Meanwhile, on a small farm near Stanfield, a farmer and his wife were making plans to spend the day working in the field. Their two small children were in the care of a 16-year-old neighbor. They warned them that dangerous Germans were loose and to not allow anyone in the house.

A short time later the two Germans walked in to the yard. One of the youngsters was outside playing cowboys with a toy gun. Upon seeing the little boy, they snapped to attention and said “Vee Surrender!”

The boy invited them into the house and the next few hours were spent listening to stories of adventures on a German U-Boat.

That evening the farmer and his wife returned from the field. While he was finishing with the chores, she went into the house and to her shocked surprise were two young German officers telling stories to the youngsters. They stood, snapped another salute and surrendered again to the farmer’s wife. She later admitted one was the handsomest man she’d ever seen.

Authorities were called and the two gentlemen were returned to Camp Papago.

The others, with the exception of Captain Wattenberg, were soon captured. Some found prison life easier than hiking the desert to the Mexican border.

Captain Wattenberg spent the winter and spring hiding out in a small cave in the Phoenix Mountains.

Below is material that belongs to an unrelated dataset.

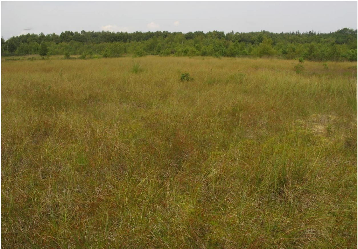
Abb. 1: Übergangsmoor mit torfmoosreichen Wollgras- und Fadenseggen-Rieden (NSG Ochsenweide, Schafhauser Wald und Feuchtwiesen bei Esens)

Prisoners on work parties left food for him in pre-designated places. His hiding place was near the foot of Squaw Peak now known as Piestewa Peak, north of the elegant Biltmore Resort. Old timers say the captain could lay claim to being Arizona’s first German winter visitor. Then 36 days after the escape, he walked into Phoenix and in a heavy German accent asked a gas station attendant for directions to the train station. That did him in. Thus closed the chapter on the “great escape.”

I attended both the 40th and 50th anniversaries in 1984 and 1994 when many of the prisoners returned to Camp Papago for a reunion. One of them mentioned that once outside they were cold, wet, and hungry so many of them simply turned themselves in.

I met Captain Wattenberg and despite the fact that he was more than 80 years old he still stood erect as a ramrod, looking like a German U-Boat skipper right out of Hollywood’s central casting. He didn’t make the second re-union in 1994 due to failing health, passing away the following year.